For mitigating intergranular stress corrosion cracking in operating boiling water reactors (BWRs), hydrogen water chemistry, a common technique for producing a reducing coolant environment, has been adopted worldwide. However, the issue of accompanied buildup of radiation field at feedwater hydrogen concentrations >0.5 ppm has been a concern of the utilities. In particular, the increase in shutdown dose rate would pose a serious health threat to maintenance workers during outages.To maintain low shutdown dose rates in drywells, the operators of Kuosheng Nuclear Power Plant adopted effective techniques to improve the coolant chemistry in their two BWRs, leading to a reduction in iron concentration in the feedwater and in 60Co activity in the primary coolant.

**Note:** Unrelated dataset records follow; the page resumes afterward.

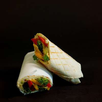 This wrap is a flavorful combination of olive oil sauted bell peppers, olives, broccoli and tomato mixed with secret sauces and mayo that is layered on lettuce and packed in soft tortilla wrap and served grilled.
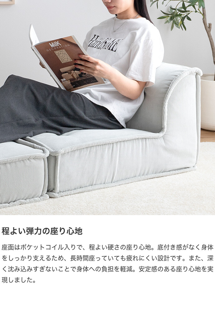 ソファ 2人掛け フロア ロー コーデュロイ コンパクト 低め 2P 二人用 セット 組み合わせ L字 左右対応 リビング ダイニング ごろ寝 幅152 連結 セパレート
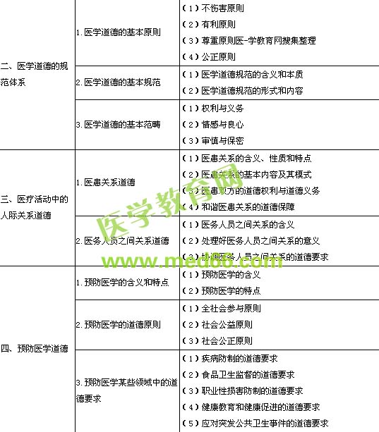 | 3.醫(yī)學(xué)倫理學(xué) | (1)醫(yī)學(xué)倫理學(xué)的概念 (2)醫(yī)學(xué)倫理學(xué)的歷史發(fā)展 (3)醫(yī)學(xué)倫理學(xué)的研究對象和內(nèi)容 (4)醫(yī)學(xué)倫理學(xué)與相關(guān)學(xué)科的關(guān)系 (5)學(xué)習(xí)醫(yī)學(xué)倫理學(xué)的意義和方法 |
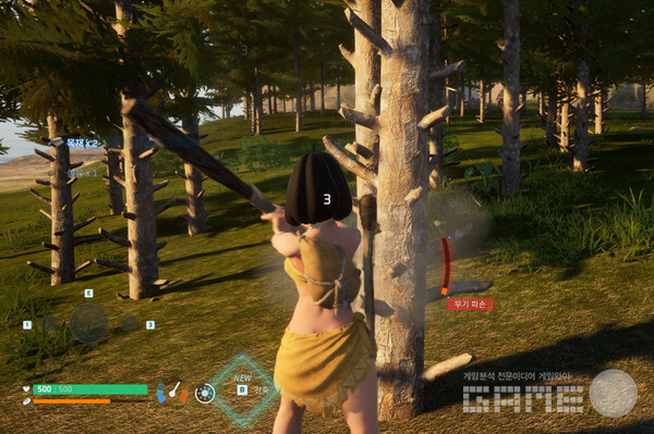 먼저 떨어진 가지나 작은 돌을 주우며, 나무와 돌을 모으자. 큰 나무나 암석을 맨 손으로 두들겨도 나무와 돌을 채집할 수 있다. 작업대를 만들고 도끼와 곡괭이를 제작해 채집 효율을 높일 수 있다. 나무는 도끼로 찍어야 효율이 좋고, 돌은 곡괭이를 사용해야 효율이 좋다.
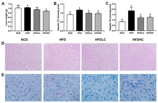 Effects of COS on hepatic steatosis in mice: (A) liver weight; (B) hepatic total cholesterol (TC); (C) hepatic triacylglycerol (TG); (D) hematoxylin and eosin (H&E) staining of liver sections (scale bar, 30 μm); (E) Oil Red O staining of liver sections (scale bar, 9 μm). Data are presented as the mean ± SE (n = 8 per group). Results were statistically analyzed using one-way ANOVA followed by Duncan’s multiple-comparison test, and values with different labels (a–c) are significantly different (p < 0.05). NCD, normal chow diet group; HFD, high-fat diet group; HFDLC, high-fat diet + low dosage of COS (200 mg/kg BW) group; HFDHC, high-fat diet + high dosage of COS (400 mg/kg BW) group; TC, total cholesterol; TG, triacylglycerol.
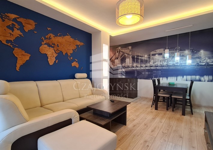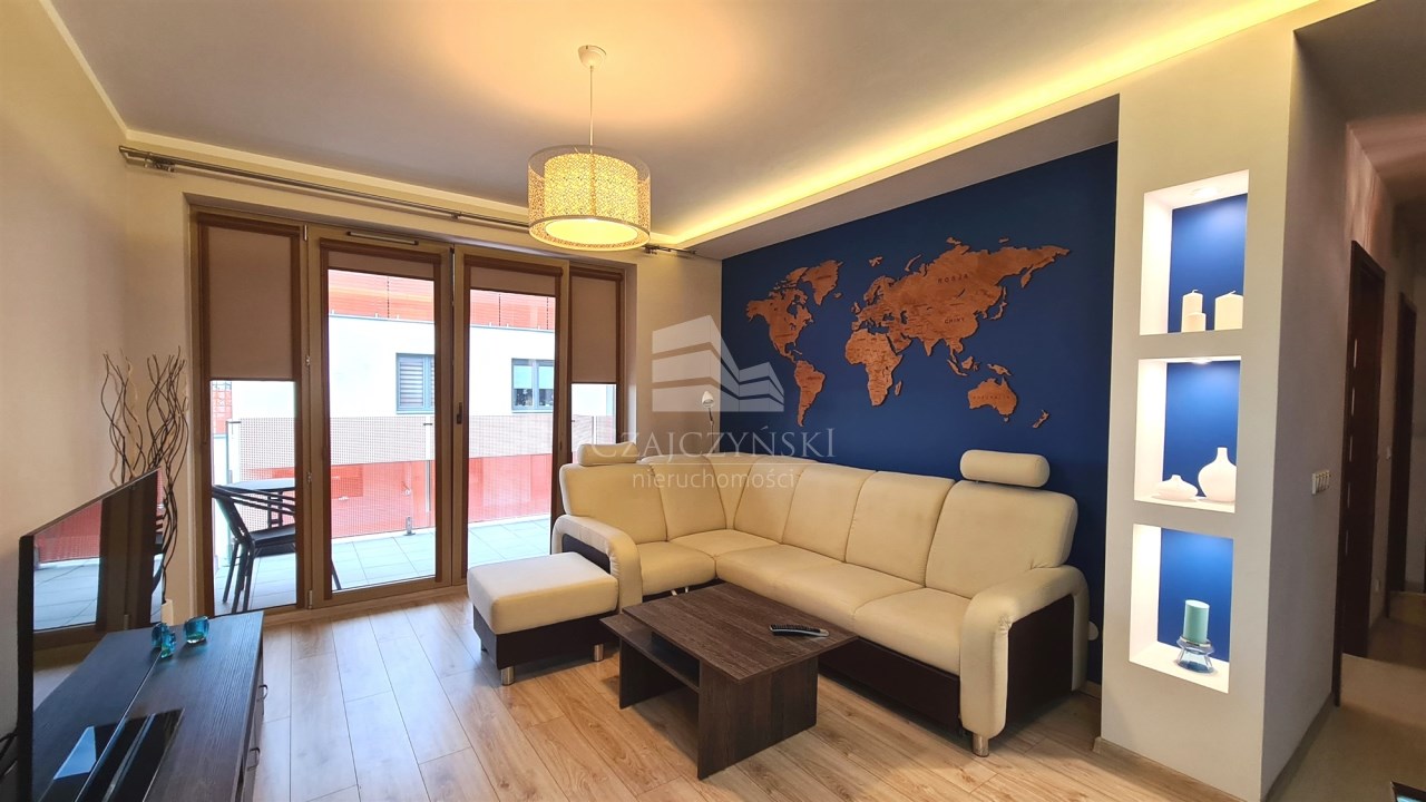 - salon z wyjściem na balkon, sypialnia, osobna, widna, w pełni wyposażona w wysokiej jakości sprzęt AGD kuchnia, łazienka z wc, przedpokój;

The radiation buildup in the recirculation system was lowered through an optimized management of hydrogen injection during regular operations and an enhanced operation mode of the reactor cleanup system at the early stage of an outage. In the meantime, the shutdown dose rates in the entire primary coolant circuit, especially in the drywell, were also significantly reduced. This paper describes the adopted techniques and results of water chemistry improvement at the Kuosheng nuclear power reactor.